For Mn, the most abundant components were found in fractions 3 and 4 (Fig. 6). F3 corresponded to a peak assigned to the molecular formula C20H30O2, identical to the fraction F4 of the sample Mp and, hence, EPA. The main component of F4 was assigned the molecular formula C22H32O2, and identified as DHA, the same major component that was also present in F5 of Mp extract. F1 also contained a minor peak with a molecular formula of C24H36O4 (acc. mass 402.2765), most likely to be a PUFA due to its retention time and formula. F5 and F6 contained traces of linoleic acid (C18H32O2, acc. mass 280.2402), 4,8,12,15,19-docosapentaenoic acid (C22H34O2, acc. mass 330.2556) and 8,11,14,17-eicosatetraenoic acid (C20H32O2, acc. mass 304.2402). F2, F7 and F8 did not show any significant components by LC/MS.

Figure 6
figure 6

M. norvegica (Mn) LC-UV spectrum.
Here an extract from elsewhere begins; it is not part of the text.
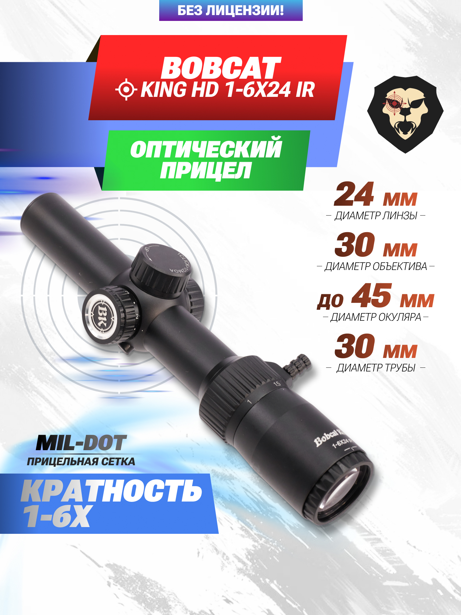 Оптический прицел Bobcat King HD 1-6x24 IR (30 мм, подсветка, Mil-Dot) купить в интернет-магазине Popadiv10.

Fractions 1 to 8 (F1 to F8) are indicated, as well as the components detected by HPLC-TOF-HRMS.

Even if similar, also the combination of the various components present in the extracts of the two species may be responsible for the biological activities observed in this study. Forthcoming studies will concern the sampling of more individuals of the two active species and further chemical fractionation in order to isolate and screen each extract component. Some of the detected compounds have already displayed anticancer and/or antibacterial activity in studies reported in the literature23,24,25. Major compounds such as EPA, DHA and ETA are especially interesting for the food and supplement industries32. This is the first time that such activities have been found for these mesopelagic species and we here propose them as new abundant sources of compounds useful for human health.